🤖 AI Summary
Multimodal large language models (MLLMs) are vulnerable to text-driven multimodal jailbreaking attacks; existing defenses remain limited because they fail to localize token-level vulnerability origins. This paper proposes a training-free, inference-time dynamic pruning–recovery defense mechanism: leveraging multimodal attention analysis, it precisely identifies and prunes fewer than 1% of harmful visual tokens in early layers that dominate jailbreaking behavior, then restores benign features in deeper layers to disrupt the jailbreaking pathway. The method requires no safety fine-tuning, incurs low computational overhead, and avoids over-defense. Evaluated across three mainstream MLLMs and five benchmarks, it significantly reduces jailbreaking success rates while preserving standard task performance. To our knowledge, this is the first approach to achieve token-level interpretability, efficiency, and robustness in multimodal jailbreaking defense.
📝 Abstract
By incorporating visual inputs, Multimodal Large Language Models (MLLMs) extend LLMs to support visual reasoning.

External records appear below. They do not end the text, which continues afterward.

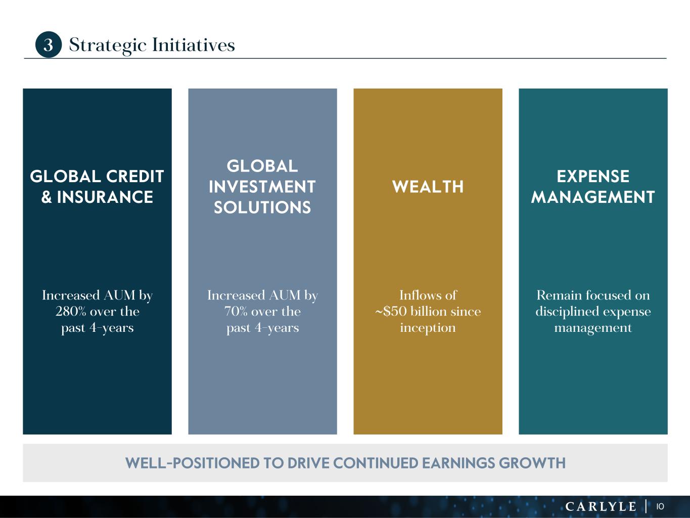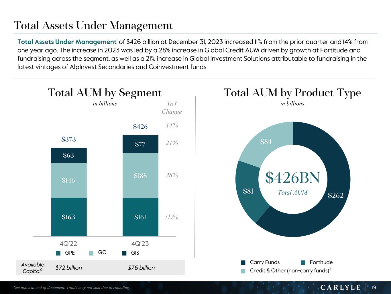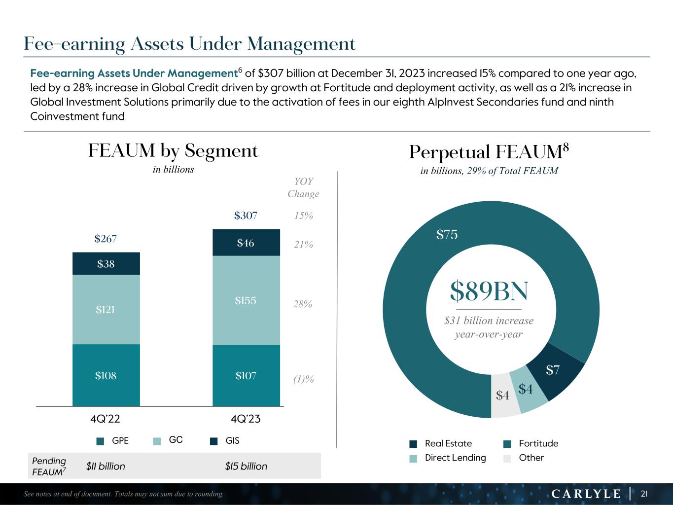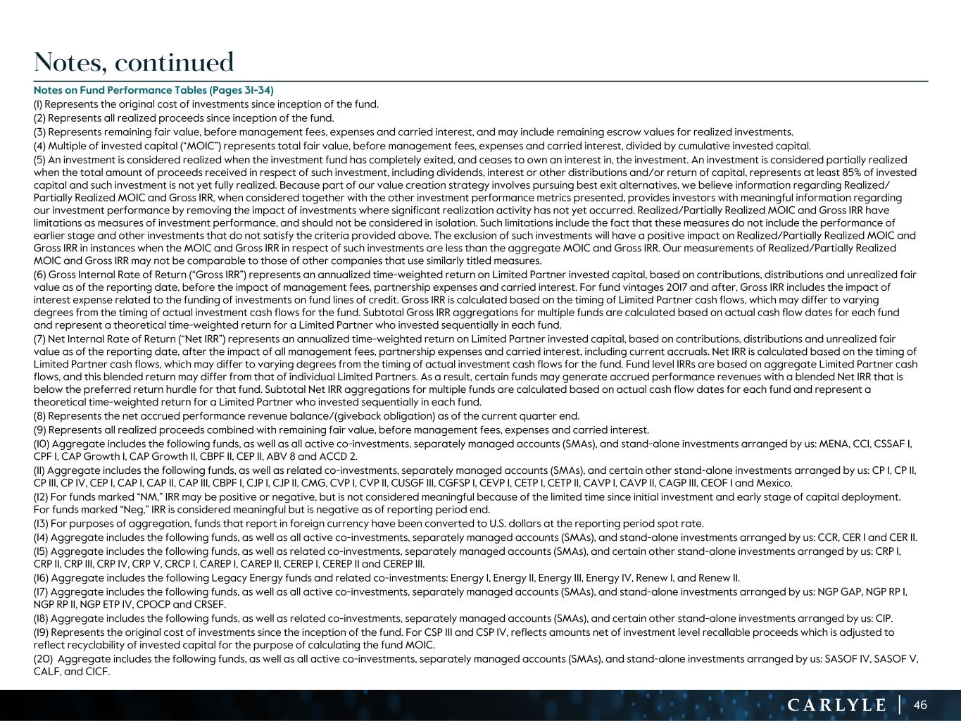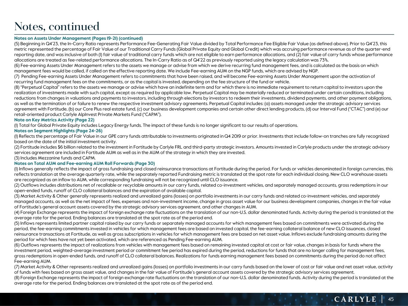 R-14 7 G-19 5 B-19 7 R-88 G-15 9 B-16 5 R-13 6 G-18 0 B-83 R-16 3 G-14 3 B-18 7 R-0 G-74 B-13 6 R-18 5 G-21 1 B-15 3 R-11 8 G-92 B-15 0 R-22 0 G-22 1 B-23 2 R-14 0 G-14 1 B-15 2R-12 0 G-16 9 B-22 2 Old Colors R-88 G-89 B-91 58595B R-23 G-234 B-234 EAEAEA R-208 G-232 B-247 D0E8F7 R-65 G-64 B-66 414042 R-8 G-51 B-94 08335E R-167 G-169 B-171 A7A9AB R-9 G-102 B-112 096670 R-220 G-221 B-222 DCDDDE R-97 G-161 B-224 61A1E0 R-237 G-217 B-157 EDD99D R-147 G-195 B-197 93C3C5 Notes, continued Notes on Assets Under Management (Pages 19-21) (continued) (5) Beginning in Q4’23, the In-Carry Ratio represents Performance Fee-Generating Fair Value divided by Total Performance Fee Eligible Fair Value (as defined above). Prior to Q4’23, this metric represented the percentage of Fair Value of our Traditional Carry Funds (Global Private Equity and Global Credit) which was accruing performance revenue as of the quarter-end reporting date, and was inclusive of both (1) fair value of traditional carry funds which are not eligible to earn performance allocations, and (2) fair value of carry funds whose performance allocations are treated as fee-related performance allocations. The In-Carry Ratio as of Q4’22 as previously reported using the legacy calculation was 73%. (6) Fee-earning Assets Under Management refers to the assets we manage or advise from which we derive recurring fund management fees, and is calculated as the basis on which management fees would be called, if called on the effective reporting date. We include Fee-earning AUM on the NGP funds, which are advised by NGP. (7) Pending Fee-earning Assets Under Management refers to commitments that have been raised, and will become Fee-earning Assets Under Management upon the activation of recurring fund management fees on the commitments, or as the capital is invested, depending on the fee structure of the fund or vehicle. (8) “Perpetual Capital” refers to the assets we manage or advise which have an indefinite term and for which there is no immediate requirement to return capital to investors upon the realization of investments made with such capital, except as required by applicable law. Perpetual Capital may be materially reduced or terminated under certain conditions, including reductions from changes in valuations and payments to investors, including through elections by investors to redeem their investments, dividend payments, and other payment obligations, as well as the termination of or failure to renew the respective investment advisory agreements. Perpetual Capital includes: (a) assets managed under the strategic advisory services agreement with Fortitude, (b) our Core Plus real estate fund, (c) our business development companies and certain other direct lending products, (d) our Interval Fund (“CTAC”) and (e) our retail-oriented product Carlyle AlpInvest Private Markets Fund (“CAPM”). Note on Key Metrics Activity (Page 22) (1) Total for Global Private Equity includes Legacy Energy funds. The impact of these funds is no longer significant to our results of operations. Notes on Segment Highlights (Page 24-26) (1) Reflects the percentage of Fair Value in our GPE carry funds attributable to investments originated in Q4 2019 or prior. Investments that include follow-on tranches are fully recognized based on the date of the initial investment activity. (2) Fortitude includes $6 billion related to the investment in Fortitude by Carlyle FRL and third-party strategic investors. Amounts invested in Carlyle products under the strategic advisory services agreement are included in Fortitude AUM as well as in the AUM of the strategy in which they are invested. (3) Includes Mezzanine funds and CAPM. Notes on Total AUM and Fee-earning AUM Roll Forwards (Page 30) (1) Inflows generally reflects the impact of gross fundraising and closed reinsurance transactions at Fortitude during the period. For funds or vehicles denominated in foreign currencies, this reflects translation at the average quarterly rate, while the separately reported Fundraising metric is translated at the spot rate for each individual closing. New CLO warehouse assets are recognized as an inflow to AUM, while corresponding fundraising will not be recognized until CLO issuance. (2) Outflows includes distributions net of recallable or recyclable amounts in our carry funds, related co-investment vehicles, and separately managed accounts, gross redemptions in our open-ended funds, runoff of CLO collateral balances and the expiration of available capital. (3) Market Activity & Other generally represents realized and unrealized gains (losses) on portfolio investments in our carry funds and related co-investment vehicles, and separately managed accounts, as well as the net impact of fees, expenses and non-investment income, change in gross asset value for our business development companies, changes in the fair value of Fortitude’s general account assets covered by the strategic advisory services agreement, and other changes in AUM. (4) Foreign Exchange represents the impact of foreign exchange rate fluctuations on the translation of our non-U.S. dollar denominated funds. Activity during the period is translated at the average rate for the period. Ending balances are translated at the spot rate as of the period end. (5) Inflows represents limited partner capital raised by our carry funds or separately managed accounts for which management fees based on commitments were activated during the period, the fee-earning commitments invested in vehicles for which management fees are based on invested capital, the fee-earning collateral balance of new CLO issuances, closed reinsurance transactions at Fortitude, as well as gross subscriptions in vehicles for which management fees are based on net asset value. Inflows exclude fundraising amounts during the period for which fees have not yet been activated, which are referenced as Pending Fee-earning AUM. (6) Outflows represents the impact of 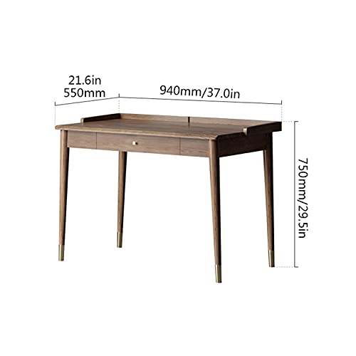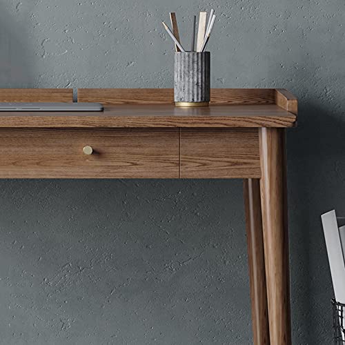 Pc Table Computer Desk Luxury Study Furniture PC Laptop Desk Simple Home Writing Desk Ash Wood Working Study Table with 2 Drawers and 3 Sides Baffle, Brass Handle Office Desk(0.94 meters)
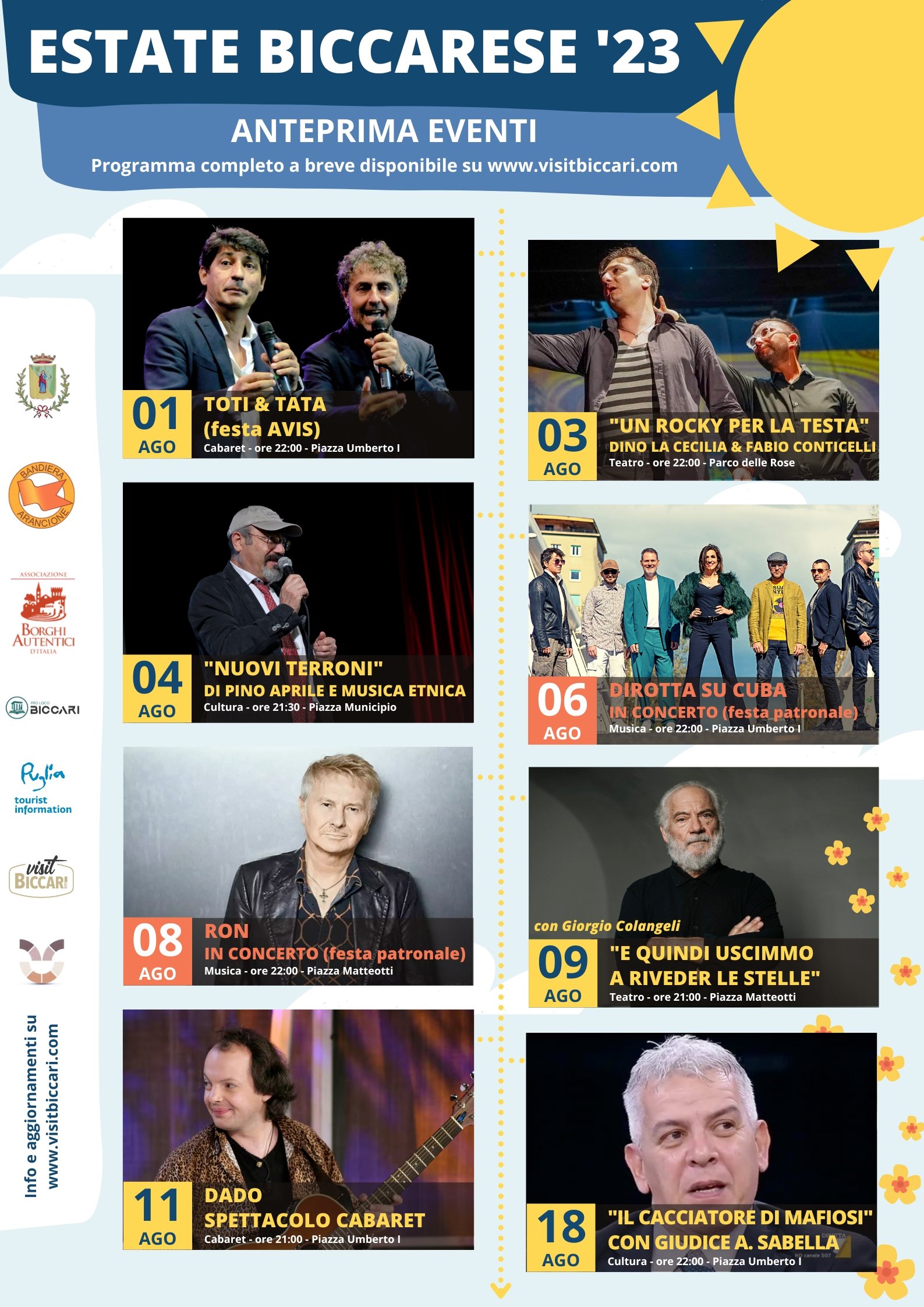 In attesa del programma completo con oltre 𝟱𝟬 eventi fino ad 𝗼𝘁𝘁𝗼𝗯𝗿𝗲 (a breve su www.visitbiccari.com e InfoPoint Biccari – visitbiccari.com) ecco una prima anticipazione all’insegna della grande musica, cabaret, teatro e cultura!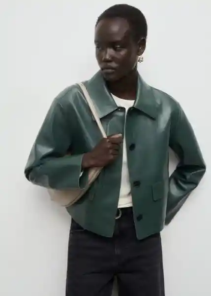 Cierre de Botones en la Parte Delantera Cuello de Solapa Diseño Corto Diseño Recto Disponible Plus Dos Bolsillos de Parche y Solapa en la Parte Delantera Efecto Piel Forro Interior Manga Larga - 17094433_43.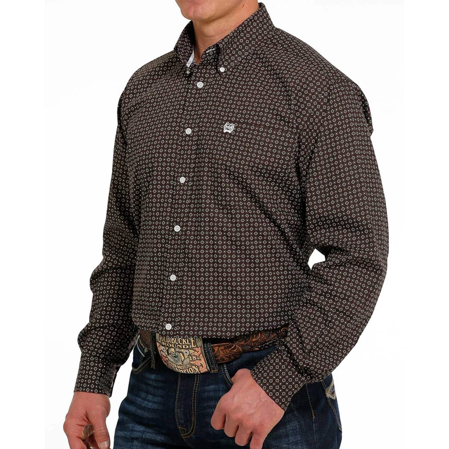 Looking for a shirt to go with jeans or khaki’s, this is it. This classic brown shirt features a geometric print, open left front pocket with embroidered logo and traditional white buttons.

However, this integration also introduces new vulnerabilities, making MLLMs susceptible to multimodal jailbreak attacks and hindering their safe deployment.Existing defense methods, including Image-to-Text Translation, Safe Prompting, and Multimodal Safety Tuning, attempt to address this by aligning multimodal inputs with LLMs' built-in safeguards.Yet, they fall short in uncovering root causes of multimodal vulnerabilities, particularly how harmful multimodal tokens trigger jailbreak in MLLMs? Consequently, they remain vulnerable to text-driven multimodal jailbreaks, often exhibiting overdefensive behaviors and imposing heavy training overhead.To bridge this gap, we present an comprehensive analysis of where, how and which harmful multimodal tokens bypass safeguards in MLLMs. Surprisingly, we find that less than 1% tokens in early-middle layers are responsible for inducing unsafe behaviors, highlighting the potential of precisely removing a small subset of harmful tokens, without requiring safety tuning, can still effectively improve safety against jailbreaks. Motivated by this, we propose Safe Prune-then-Restore (SafePTR), an training-free defense framework that selectively prunes harmful tokens at vulnerable layers while restoring benign features at subsequent layers.Without incurring additional computational overhead, SafePTR significantly enhances the safety of MLLMs while preserving efficiency. Extensive evaluations across three MLLMs and five benchmarks demonstrate SafePTR's state-of-the-art performance in mitigating jailbreak risks without compromising utility.